Martin J. Oberman served as alderman of Chicago’s 43rd Ward from 1975 to 1987. He was an acknowledged expert of the city budget and a constant adversary of the Chicago City Council’s heavy-handed political majority.

After leaving the City Council, Oberman was appointed Chairman of the Shore Protection Commission, which was tasked with doing a rehabilitation of Chicago’s shoreline while ensuring environmental protection. He ran for Illinois Attorney General in 1981, 1986 and again in 1994. Currently, he is a lawyer in private practice.

Here are some observations he had about the Feb. 22 election:

Q: What was the main thing you were surprised about during this election?

A: Nothing at all. This election was very predictable.

Q: What is the main point you gathered from the results of this election?

A: The point was that this election was never really much of a contest. We had one very strong candidate and a bunch of other weak candidates. The candidates were weak because they didn’t have nearly as much money as Rahm Emanuel. Only Gery Chico had any money, and compared to Rahm, it was nothing. Carol Moseley Braun was just sort of a goofball, and Miguel del Valle was not charismatic at all.

Q: How does 2010 election campaigning in the Chicago area compare to past mid-term elections?

A: This election was unique. It is the first time we have had an election without someone named Daley on the ballot in a very long time. Because there was not a familiarity of the incumbent, people took more in depth interest in the candidates, however it did not result in much turnout.

Q: What is your assessment of Chicago media coverage of the 2010 political campaigning?
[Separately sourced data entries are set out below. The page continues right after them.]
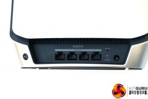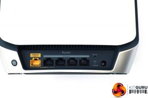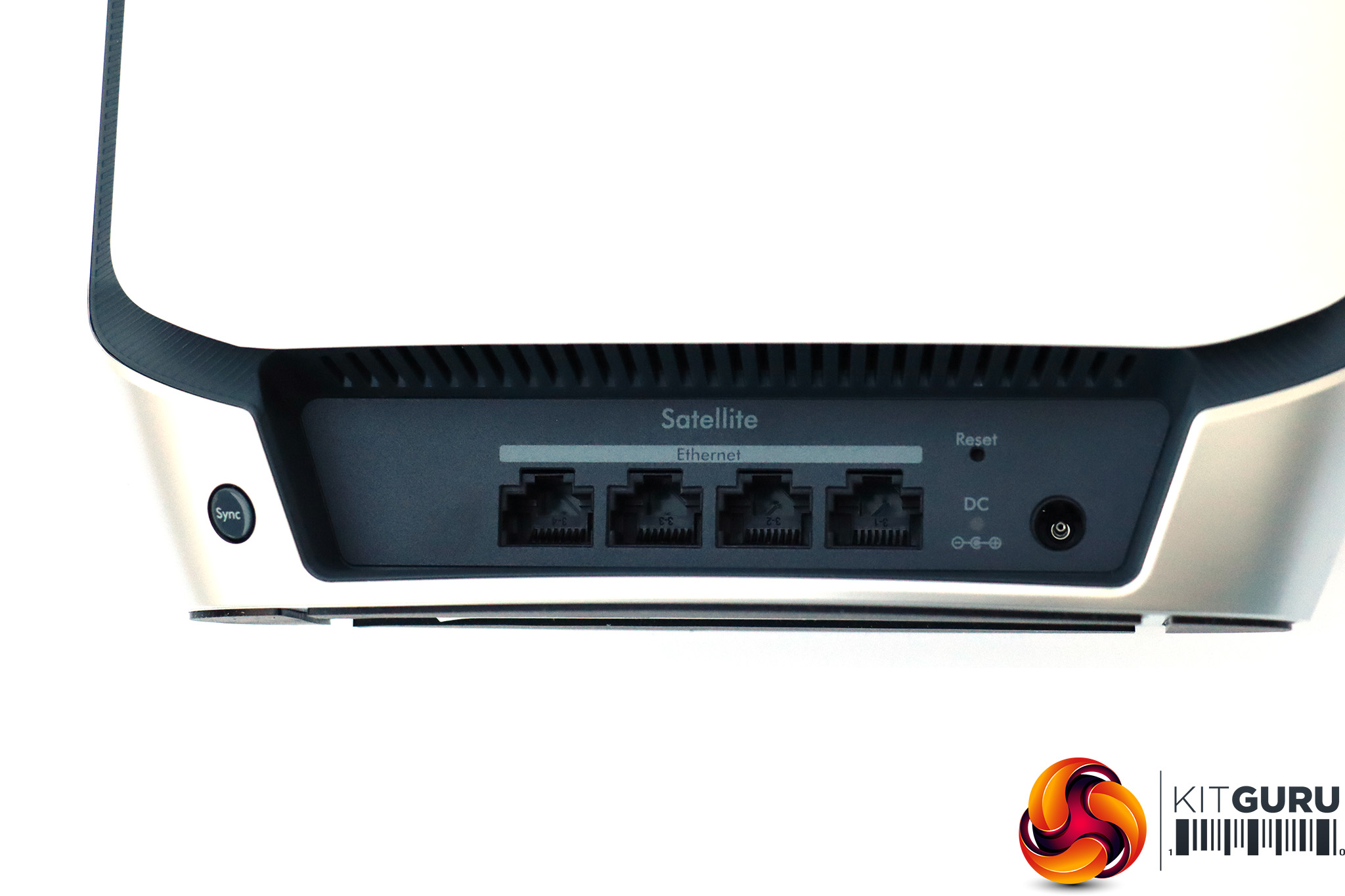 The router and satellite look virtually the same. The only indication of their difference is when you peruse the ports on the rear at the bottom. The yellow port on the left end of the router is the 2.5Gbit WAN connection, followed by four Gigabit Ethernet ports for wired devices. The Gigabit Ethernet port next to the 2.5Gbit port can also be aggregated with it for load balancing or doubling performance when you don't have a 2.5Gbit connection downstream. The satellite just has the four Gigabit Ethernet ports. With the high-speed backhaul, you could genuinely use the satellite to bring wired networking and broadband connectivity to an office that wasn't where your broadband comes in.
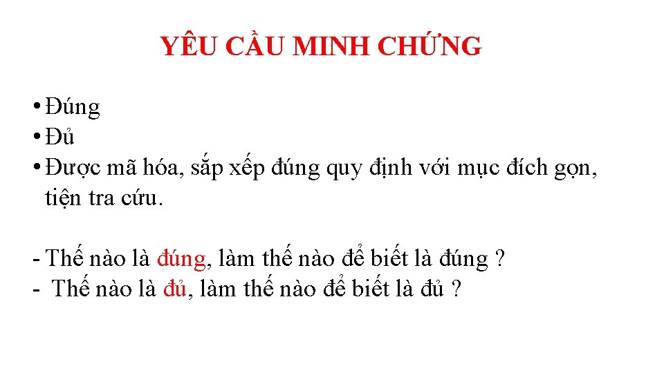 Đúng Đủ - MC đưa ra phù hợp yêu cầu tiêu chí; - MC có độ tin cậy: nếu người khác thu thập thì cũng được minh chứng như vậy; - Có đủ các MC cho 1 chu kỳ; - Các MC kể từ khi bắt đầu một hoạt động cho đến khi có kết quả của hoạt động đó; - Ngoài các MC là văn bản của trường, MC còn có thể là văn bản của CQ quản lý cấp trên;
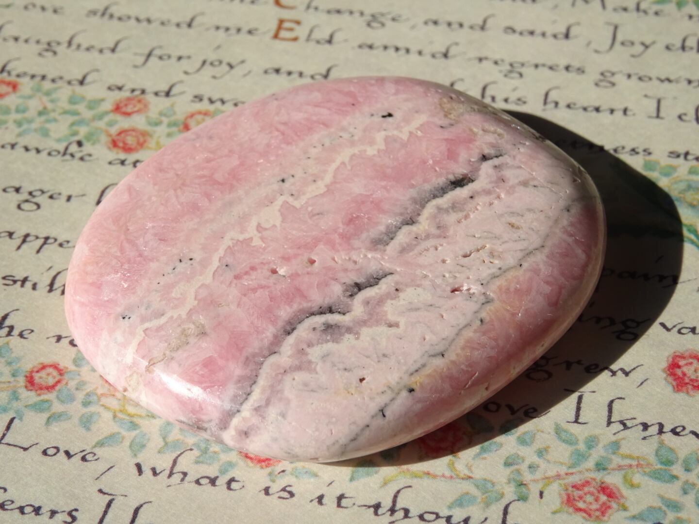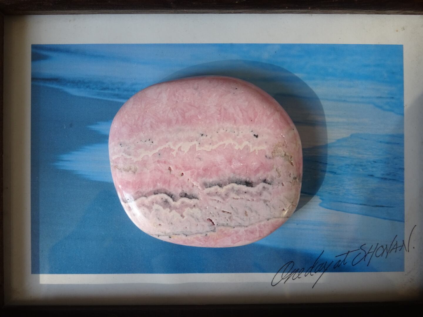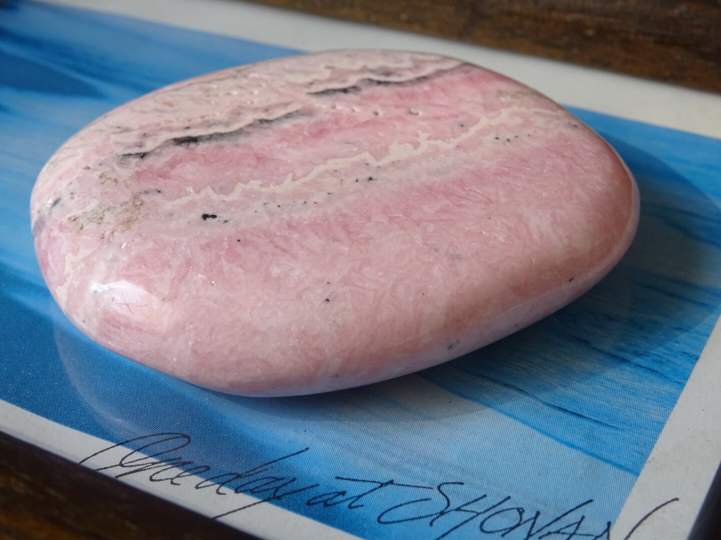 柔らかいピンクの色模様が美しい、ロードクロサイトの磨き石。層状になった白とピンクが優しい世界を広げています。ツルツルの石肌も心地よく、平たいスラブのお洒落な1点です。
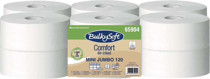 Туалетний папір BulkySoft Comfort Mini Jumbo — це практичне та економічне рішення для щоденного використання в місцях із високою прохідністю. Завдяки великому розміру рулону та оптимальній щільності паперу забезпечується комфорт, міцність і зменшується потреба у частій заміні рулонів.
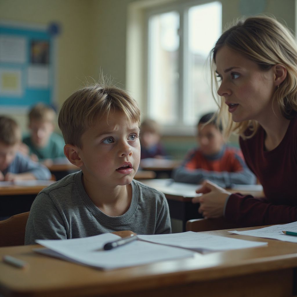 Учительница, повернувшись к классу, внезапно опустила руки и тихо произнесла: «Петя, поднимись. Мне нужно объясниться перед тобой и всеми». Все замерли, чувствуя, как напряжение нарастает с каждой секундой. Сердце мальчика колотилось в груди так громко, что, казалось, его слышат все. Взгляды, полный шок и неподдельная тревога — учеников, учительницы, даже учителей, присутствовавших в кабинете. Пётр медленно поднялся, его дрожащая фигура казалась хрупкой и уязвимой.
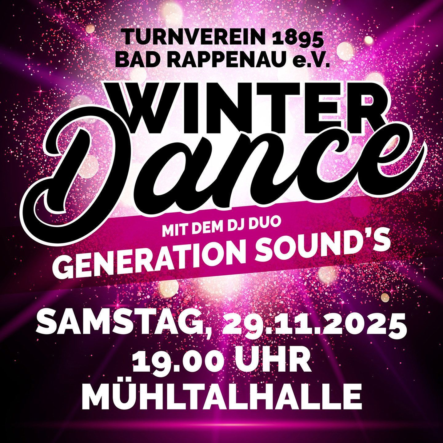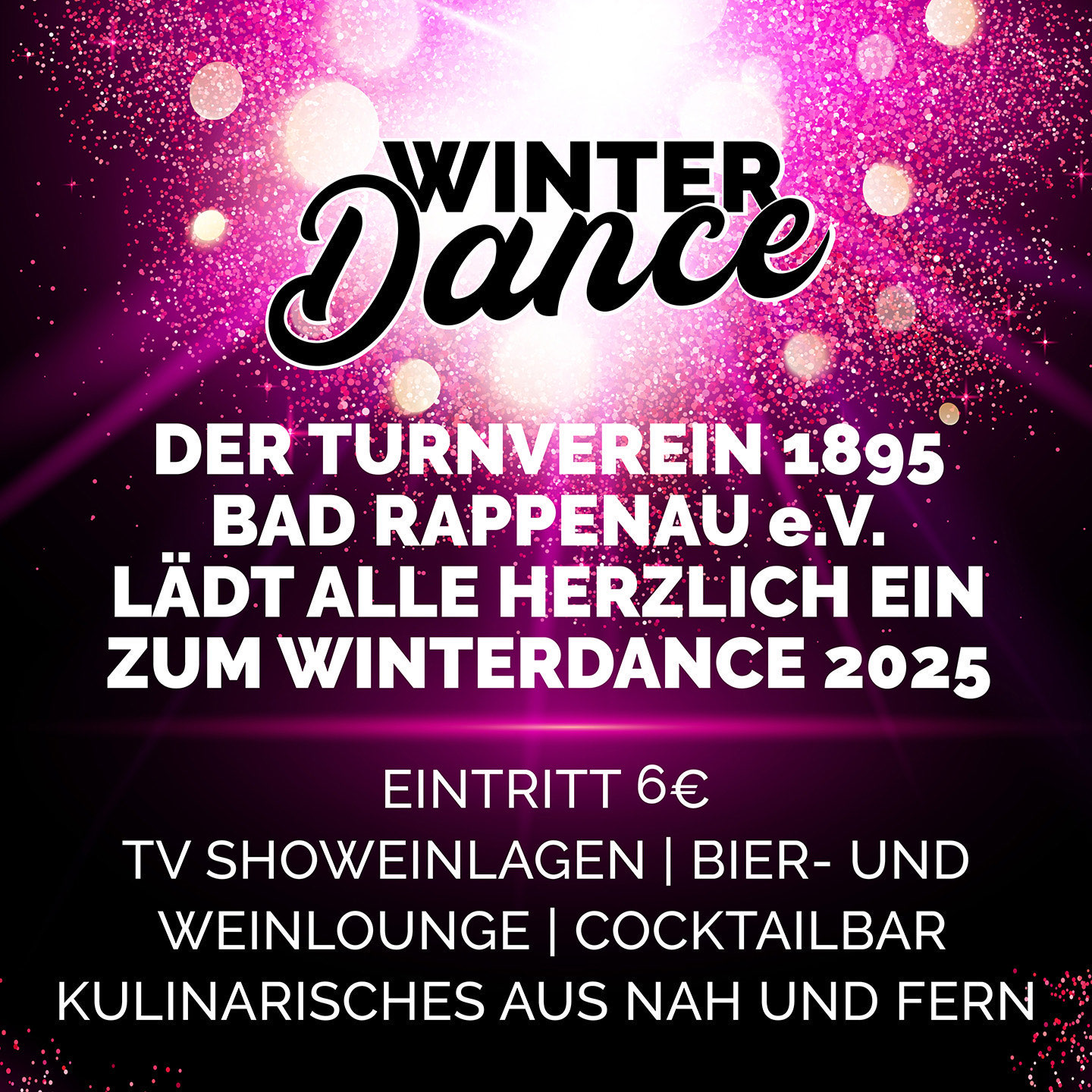 Wir laden alle herzlich zum Winterdance am 29.11.2025 in der Mühltalhalle ein! Es erwartet Sie ein bunter Abend voller Musik, die Sie das Tanzbein schwingen lässt, sowie TV-Showeinlagen. Für das leibliche Wohl sorgen eine Bier- und Weinlouge, eine Cocktailbar und es erwartet Sie leckeres Essen aus Nah und Fern.
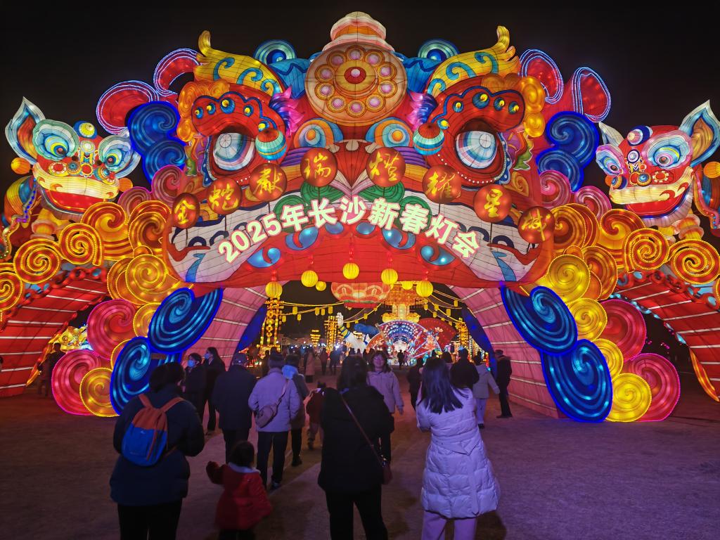 同时,科技助力让“赏花灯”更加炫酷。位于湖南湘江新区的华谊兄弟(长沙)电影小镇,40多组大型主题灯组形成的“花灯大世界”里,不仅展示了长沙铜官窑、锦鲤、芙蓉花等国风元素,还打造了一条沉浸式光影通道。

A: It was not very good. There was too much focus on Rahm’s residency and not enough on the key issues like how we would balance the budget. The media let all the candidates get away with a lot of generalities.

Q: What changes would you like to see in future election campaigning?

A: I am a big believer in public financing. Because Rahm had a much greater amount of funding for his campaign it was not a level playing field. This would greatly affect the results of the election.